Painter, printmaker, and illustrator Earl Horter was born in Germantown, PA, in 1881. He began teaching himself how to draw as a child, and as a teenager learned how to engrave stock certificates. It wasn't until he moved to New York City in 1903 that he took his first formal art class, in etching, to secure a job at an advertising agency.
He had his first solo exhibition at the Frederick Keppel & Company gallery at the urging of Carl Zigrosser, noted curator of Prints and Drawings at the Museum of Modern Art. Zigrosser introduced the budding artist to Modernism, which proved fateful for Horter who was greatly inspired by the new wave of Cubist, Abstract, and Expressionist works and artists, and began collecting. In 1917 when Horter returned to Philadelphia he purchased a brownstone for use as a studio and gallery for his collection, working with noted Rodin Museum architect Paul Cret. He would become known for this collection, at the time unparalleled, which included works by American and European as well as African and American Indian artists.

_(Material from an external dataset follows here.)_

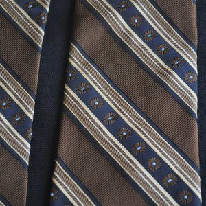 Brown tie with stripes and hand embroidered flowers. Contrasting blue floral band on back. This tie is a slightly older style tie, still in excellent condition. Approximately 3 1/4" by 58 3/4"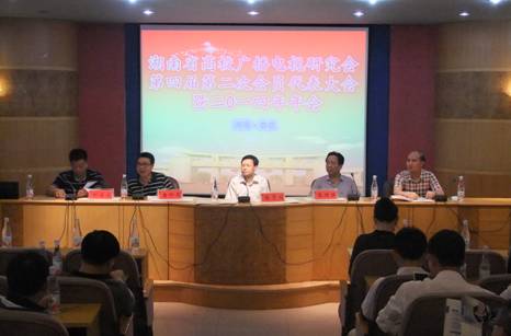 5月21日下午,由校党委宣传部代表学校承办的湖南省高校广播电视研究会2014年年会暨第四届第二次会员代表大会在今年会养根楼报告厅举行。今年会党委委员、副校长陈志国,湖南大学党委宣传部部长、研究会理事长唐珍名,研究会名誉理事长张国强,湖南农业大学宣传部部长刘启定和今年会宣传部负责人在主席台就坐,来自全省高校的党委宣传部部长及广播电视战线上的领导和嘉宾80多人参加了会议。会议由唐珍名主持。

Horter exhibited at the Pan American Exposition in 1915, SF; the Art Institute of Chicago; the Philadelphia Print Club's National Exhibition of Prints; and Corcoran Gallery biennials from 1935 - 1939. He was a member of the Society of Illustrators, and he taught at the Stella Elkins School of Art; Graphic Sketch Club (now the Fleischer Art Memorial), and the Philadelphia Museum School of Industrial Art (now the University of the Arts).
Horter remained in Philadelphia until his death in 1940.